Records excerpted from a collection
* * * * * * *

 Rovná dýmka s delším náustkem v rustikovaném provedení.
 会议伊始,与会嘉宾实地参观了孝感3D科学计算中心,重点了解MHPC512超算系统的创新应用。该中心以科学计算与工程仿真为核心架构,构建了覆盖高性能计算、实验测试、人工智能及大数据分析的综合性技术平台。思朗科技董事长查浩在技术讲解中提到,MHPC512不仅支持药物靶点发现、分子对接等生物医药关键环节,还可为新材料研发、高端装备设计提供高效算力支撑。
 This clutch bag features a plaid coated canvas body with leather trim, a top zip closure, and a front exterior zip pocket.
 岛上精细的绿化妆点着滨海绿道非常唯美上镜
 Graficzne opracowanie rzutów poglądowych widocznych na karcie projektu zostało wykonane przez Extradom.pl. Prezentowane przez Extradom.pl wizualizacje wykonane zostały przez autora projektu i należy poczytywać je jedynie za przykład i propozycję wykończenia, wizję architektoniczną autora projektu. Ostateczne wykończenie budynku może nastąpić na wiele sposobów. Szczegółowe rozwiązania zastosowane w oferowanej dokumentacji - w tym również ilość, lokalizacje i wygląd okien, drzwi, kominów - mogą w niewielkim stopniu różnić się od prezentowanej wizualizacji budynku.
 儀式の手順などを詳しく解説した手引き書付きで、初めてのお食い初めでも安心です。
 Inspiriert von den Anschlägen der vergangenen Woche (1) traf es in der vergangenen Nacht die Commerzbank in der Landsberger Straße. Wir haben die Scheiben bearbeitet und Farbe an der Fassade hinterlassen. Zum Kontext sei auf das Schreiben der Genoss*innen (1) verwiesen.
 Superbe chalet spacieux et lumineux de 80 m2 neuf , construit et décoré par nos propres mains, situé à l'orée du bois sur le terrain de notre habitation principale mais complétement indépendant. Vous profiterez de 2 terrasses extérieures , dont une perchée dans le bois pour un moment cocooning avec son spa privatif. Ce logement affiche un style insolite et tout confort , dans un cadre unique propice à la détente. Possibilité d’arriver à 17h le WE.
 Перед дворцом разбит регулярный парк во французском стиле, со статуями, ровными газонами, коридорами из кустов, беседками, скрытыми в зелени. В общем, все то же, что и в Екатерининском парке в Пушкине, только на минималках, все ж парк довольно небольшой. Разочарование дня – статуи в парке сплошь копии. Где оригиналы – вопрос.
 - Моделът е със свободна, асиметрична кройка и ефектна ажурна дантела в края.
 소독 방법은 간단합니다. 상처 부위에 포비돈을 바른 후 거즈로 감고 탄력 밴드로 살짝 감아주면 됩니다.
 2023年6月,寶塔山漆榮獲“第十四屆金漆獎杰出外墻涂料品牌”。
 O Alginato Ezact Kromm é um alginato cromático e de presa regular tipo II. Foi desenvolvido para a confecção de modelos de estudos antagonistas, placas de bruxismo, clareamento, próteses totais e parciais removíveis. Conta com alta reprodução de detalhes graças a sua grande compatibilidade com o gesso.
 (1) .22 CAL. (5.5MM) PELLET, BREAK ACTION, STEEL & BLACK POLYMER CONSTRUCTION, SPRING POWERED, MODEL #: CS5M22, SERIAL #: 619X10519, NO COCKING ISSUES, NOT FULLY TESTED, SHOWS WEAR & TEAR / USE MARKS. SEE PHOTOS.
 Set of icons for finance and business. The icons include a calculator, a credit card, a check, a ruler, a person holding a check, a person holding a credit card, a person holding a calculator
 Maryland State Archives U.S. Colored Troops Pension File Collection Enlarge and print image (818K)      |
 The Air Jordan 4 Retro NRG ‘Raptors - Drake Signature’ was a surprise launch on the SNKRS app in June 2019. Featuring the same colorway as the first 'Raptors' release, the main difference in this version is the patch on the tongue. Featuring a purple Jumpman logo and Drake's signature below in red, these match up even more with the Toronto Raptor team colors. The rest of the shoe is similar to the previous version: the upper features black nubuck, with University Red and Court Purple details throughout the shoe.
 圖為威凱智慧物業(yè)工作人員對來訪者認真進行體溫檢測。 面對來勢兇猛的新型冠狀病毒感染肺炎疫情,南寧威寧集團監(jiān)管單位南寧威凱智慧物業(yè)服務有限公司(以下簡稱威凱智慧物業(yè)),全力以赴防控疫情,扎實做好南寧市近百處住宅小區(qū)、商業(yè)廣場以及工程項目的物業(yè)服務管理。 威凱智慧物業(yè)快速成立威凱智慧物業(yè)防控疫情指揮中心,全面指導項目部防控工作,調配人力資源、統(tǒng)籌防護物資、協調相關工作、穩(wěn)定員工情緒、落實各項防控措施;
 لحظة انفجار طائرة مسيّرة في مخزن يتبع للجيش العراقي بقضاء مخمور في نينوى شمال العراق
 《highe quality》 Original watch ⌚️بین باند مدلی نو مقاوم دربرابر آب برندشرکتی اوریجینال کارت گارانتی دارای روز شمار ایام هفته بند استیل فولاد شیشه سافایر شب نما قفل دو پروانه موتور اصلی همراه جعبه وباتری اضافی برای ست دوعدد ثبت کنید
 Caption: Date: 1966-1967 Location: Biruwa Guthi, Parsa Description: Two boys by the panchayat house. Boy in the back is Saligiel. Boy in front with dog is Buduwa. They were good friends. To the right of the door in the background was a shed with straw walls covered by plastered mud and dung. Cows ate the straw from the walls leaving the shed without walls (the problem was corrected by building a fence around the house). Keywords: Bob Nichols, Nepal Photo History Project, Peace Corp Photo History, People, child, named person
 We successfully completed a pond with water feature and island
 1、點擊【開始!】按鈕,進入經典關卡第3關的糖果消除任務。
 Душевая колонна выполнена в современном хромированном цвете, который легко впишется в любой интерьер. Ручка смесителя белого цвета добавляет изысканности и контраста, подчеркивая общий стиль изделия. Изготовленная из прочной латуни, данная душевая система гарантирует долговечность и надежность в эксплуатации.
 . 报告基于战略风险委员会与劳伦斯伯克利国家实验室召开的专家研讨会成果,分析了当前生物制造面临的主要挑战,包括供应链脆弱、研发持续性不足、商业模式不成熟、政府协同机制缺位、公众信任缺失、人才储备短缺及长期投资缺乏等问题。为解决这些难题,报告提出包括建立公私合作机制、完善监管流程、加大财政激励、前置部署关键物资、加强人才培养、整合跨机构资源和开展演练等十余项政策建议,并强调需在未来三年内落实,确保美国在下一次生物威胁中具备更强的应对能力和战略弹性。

* * * * * * *

Required work. Write out, from the lines above, only those from the line with "儀式の手順などを詳しく解説した手引き書付きで、初めてのお食い初めでも安心です。" to the line with "Inspiriert von den", exactly as given, including the first and the last.

Answer to the problem.
 儀式の手順などを詳しく解説した手引き書付きで、初めてのお食い初めでも安心です。
 Inspiriert von den Anschlägen der vergangenen Woche (1) traf es in der vergangenen Nacht die Commerzbank in der Landsberger Straße. Wir haben die Scheiben bearbeitet und Farbe an der Fassade hinterlassen. Zum Kontext sei auf das Schreiben der Genoss*innen (1) verwiesen.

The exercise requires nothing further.